Negotiation is not a waste of time
For some reason, there are attorneys out there, and especially divorce and family law attorneys, who think attempting to resolve issues outside of court is a waste of time.
I had an evidentiary hearing in a case recently. There is actually a rule that requires the parties to meet and attempt to resolve their conflict prior to the hearing. That rule can be found in Arizona Rules of Family Law Procedure, Rule 47(G). The rule states that the parties shall meet and confer and submit a joint written resolution statement to the court detailing any issues the parties agreed to and which issues are left for the judge to decide. Opposing counsel couldn’t be bothered with that. I asked about the joint report, and she said she would write one herself and I could write one for my side. This is actually common practice in the family law bar.
I had another case where the other party did not have an attorney. My client was the one who told me that meeting before the hearing was a waste of time. Seems their disagreements had gone on for years and years with no resolution. I insisted that we meet and confer before the trial. It wasn’t so much because I’m a stickler for the rules (rules are meant to be bent), but that I just believe in the power of negotiation and compromise. There were a total of four contested issues in the case. We sat down and went through them one by one. After about two hours, we had managed to come to a resolution on two of them. Our scheduled trial was set for an hour. Each party gets half of that time. Typically, some of the time is taken up by preliminary matters such as swearing in the parties and announcing the case. So in the end, we had perhaps 20 minutes to make our case. I am convinced that had we not settled those two issues, we would have run out of time and my client would have had to wait even longer for a new hearing to be scheduled before his concerns could be heard. In other words, negotiating and compromise were keys to swift justice. (We ended up winning on the main issue).

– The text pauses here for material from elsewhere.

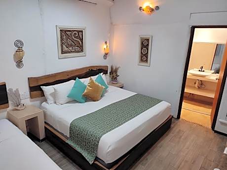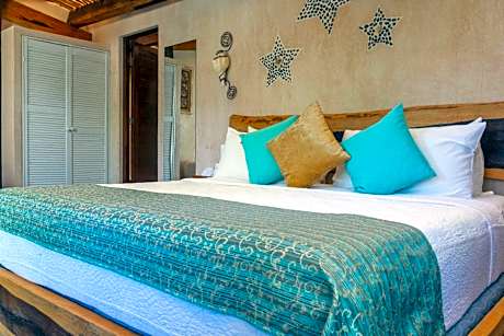 Villa Las Estrellas Tulum - located at the party zone is on a secluded beach on the Mayan Riviera, just 4 miles from the Tulum Archaological Site. Its stylish rooms offer free Wi-Fi and terraces with sea views. Rooms at Las Estrellas are in traditional thatched cabins, with hardwood floors and mosquito nets. Each elegant room has a laptop safe, a fan and a private bathroom with free toiletries. Villas Las Estrellas has a seafront restaurant, which serves a fusion of Mexican and Italian cuisine. You can also relax with a cocktail on the beach. The hotel can arrange bike rental, diving and snorkeling trips and visits to the nearby Sian Ka’an Biosphere Reserve. Cancun Airport is a 90 minute drive away, and airport transportation can be organized upon request.

The processes of meeting (preferably in person) and negotiating settlements are good to do even if the parties cannot ultimately come to an agreement on the big items. First, it allows the issues to be narrowed for trial, as happened in the positive case I just mentioned. Second, in family law cases, the parties often must maintain some kind of relationship after court, especially when children are involved. Preserving those relationships is critical to long-term happiness and mental health. Meeting and negotiating allows both parties to see the case from the perspective of the other. It fosters cooperation and understanding. Additionally, there is an issue of environment. How much easier is it to come to an agreement while sitting around a table, than in a court room where both parties are separated by attorneys on the inside of them, they are at two separate tables, and in front of them sits an authority figure in a dark robe? Lastly, there is something wonderful that happens when people voluntarily enter into an agreement. They tend to be happier with the agreement, and they tend to be more inclined to follow it in the future if it’s something they helped create. It makes sense doesn’t it? Who wants to follow the dictates of a piece of paper that a judge forced upon them?
The next time you are looking for an attorney to handle you family law matter, one of the questions you should ask them is what they do to avoid the expense of a trial and to find meaningful ways to settle your case. Statistically, you will be happier in the long run if you do.